━━━ RECORDED DATA ━━━

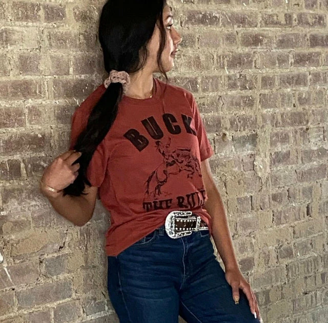 Buck The Rules tee shirt is an Original Cowgirl Clothing design. This soft tee adds an old-school rodeo touch to your everyday sassy country girl style This tee will become one of your go to favorites. “Buck the Rules” is the chapter title from the book “How to Rope a Kick Ass Life.” Used with permission. Designed, printed, and produced in the USA.
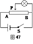 1、简答题 变阻器的总电阻RAB=30Ω,电源电动势E=12V,内阻很小可不计。现有一个标有“6V,1.8W”的灯泡采用如图47所示的分压电路。要使灯泡正常发光,则应将变阻器的滑动触头P调整到使PB间的电阻R等于多少?
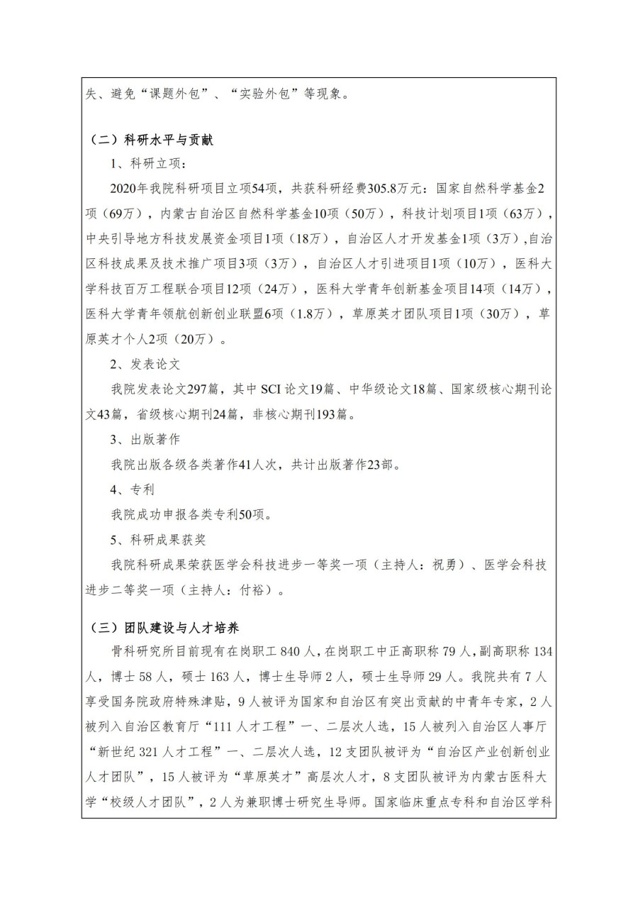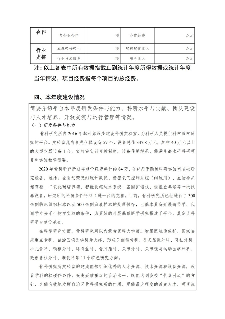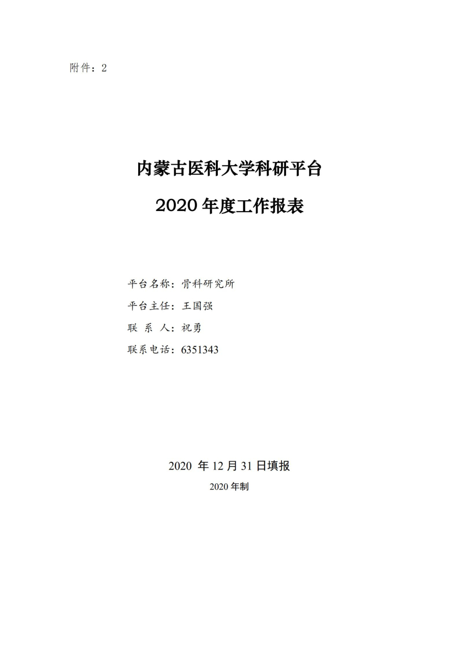 按照内蒙古医科大学《关于开展2020年度内蒙古医科大学科研平台年报填报工作》的通知及相关规定,骨科研究所完成了2020年度年报的填报工作,现将内容公示。自公示之日起三日(1月7日至1月9日)内如有异议,以书面或电话形式向科研科反映,过期不再受理。
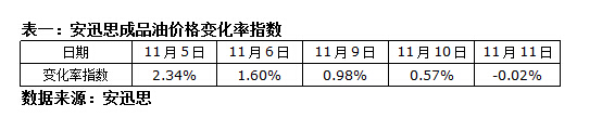 ICIS安迅思2015年11月12日訊——本輪調價(jià)周期內,國際原油價(jià)格反彈帶動(dòng)成品油價(jià)格變化率以正值開(kāi)盤(pán);而隨著(zhù)俄羅斯原油產(chǎn)量創(chuàng )記錄,美國原油庫存持續增長(cháng)等因素出現,國際原油轉而下滑,成品油價(jià)格變化率逐漸縮窄并轉為負數。安迅思監測數據顯示,11月11日,安迅思成品油價(jià)格變化率指數為-0.02%,國內汽柴油零售下調幅度約5元/噸。
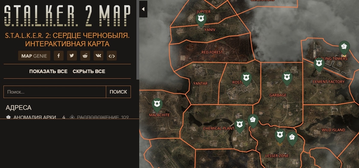 Полная подробная карта по игре Сталкер 2 - https://days-gone.ru/karta-stalker2/ На карте можно удобно выбирать метки .Например можно чтоб показывались только артифакты, или базы. Это очень удобная карта для игроков в сталкер2 . Рекомендую посмотреть. Она поможет вам быстрей найти нужные артефакты.
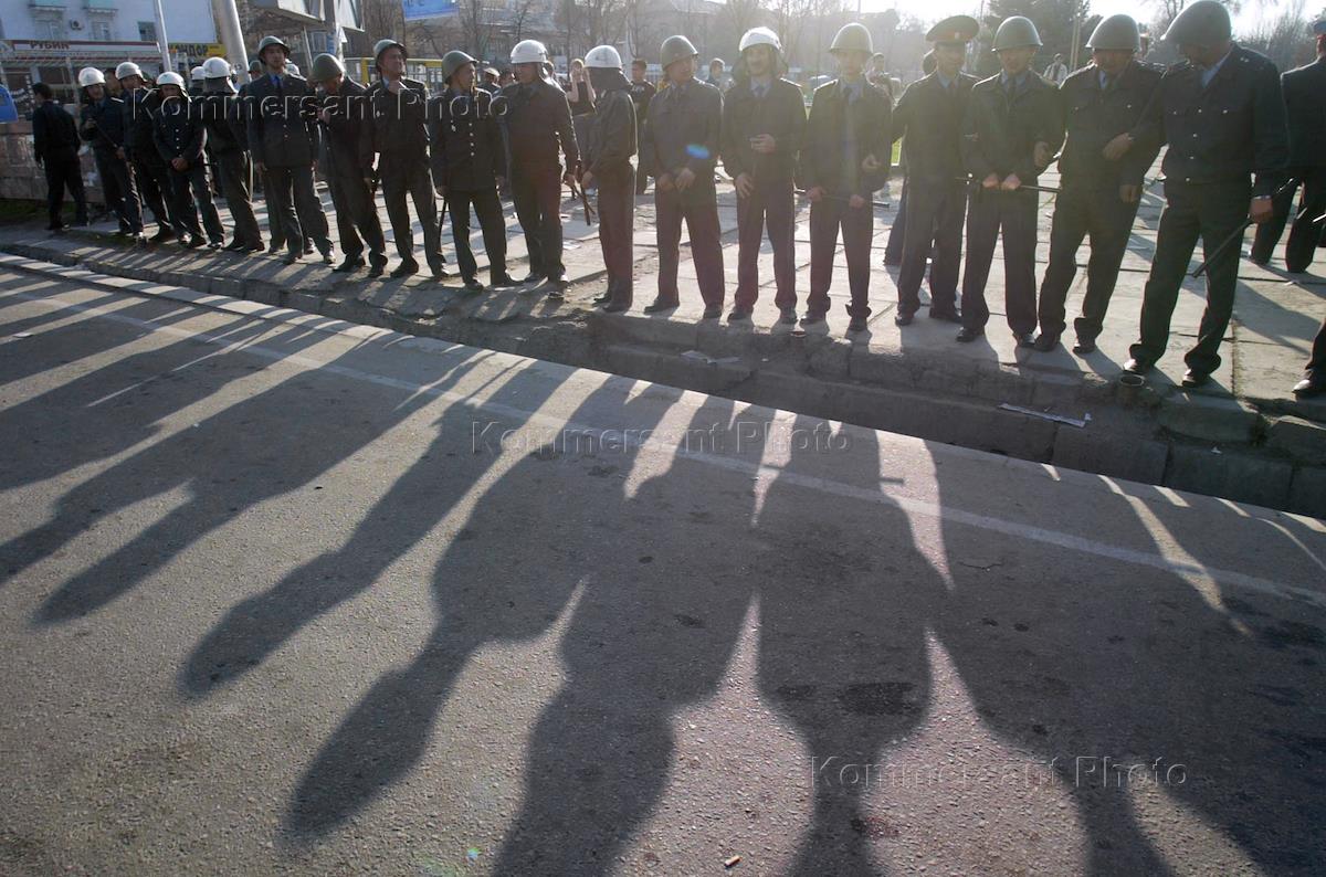Политическая ситуация в Киргизии. Противостояние оппозиции и действующей власти. Милицейское оцепление.

━━━

Repeat the listing word for word. Leave images out.

 Buck The Rules tee shirt is an Original Cowgirl Clothing design. This soft tee adds an old-school rodeo touch to your everyday sassy country girl style This tee will become one of your go to favorites. “Buck the Rules” is the chapter title from the book “How to Rope a Kick Ass Life.” Used with permission. Designed, printed, and produced in the USA.
 1、简答题 变阻器的总电阻RAB=30Ω,电源电动势E=12V,内阻很小可不计。现有一个标有“6V,1.8W”的灯泡采用如图47所示的分压电路。要使灯泡正常发光,则应将变阻器的滑动触头P调整到使PB间的电阻R等于多少?
 按照内蒙古医科大学《关于开展2020年度内蒙古医科大学科研平台年报填报工作》的通知及相关规定,骨科研究所完成了2020年度年报的填报工作,现将内容公示。自公示之日起三日(1月7日至1月9日)内如有异议,以书面或电话形式向科研科反映,过期不再受理。
 ICIS安迅思2015年11月12日訊——本輪調價(jià)周期內,國際原油價(jià)格反彈帶動(dòng)成品油價(jià)格變化率以正值開(kāi)盤(pán);而隨著(zhù)俄羅斯原油產(chǎn)量創(chuàng )記錄,美國原油庫存持續增長(cháng)等因素出現,國際原油轉而下滑,成品油價(jià)格變化率逐漸縮窄并轉為負數。安迅思監測數據顯示,11月11日,安迅思成品油價(jià)格變化率指數為-0.02%,國內汽柴油零售下調幅度約5元/噸。
 Полная подробная карта по игре Сталкер 2 - https://days-gone.ru/karta-stalker2/ На карте можно удобно выбирать метки .Например можно чтоб показывались только артифакты, или базы. Это очень удобная карта для игроков в сталкер2 . Рекомендую посмотреть. Она поможет вам быстрей найти нужные артефакты.
Политическая ситуация в Киргизии. Противостояние оппозиции и действующей власти. Милицейское оцепление.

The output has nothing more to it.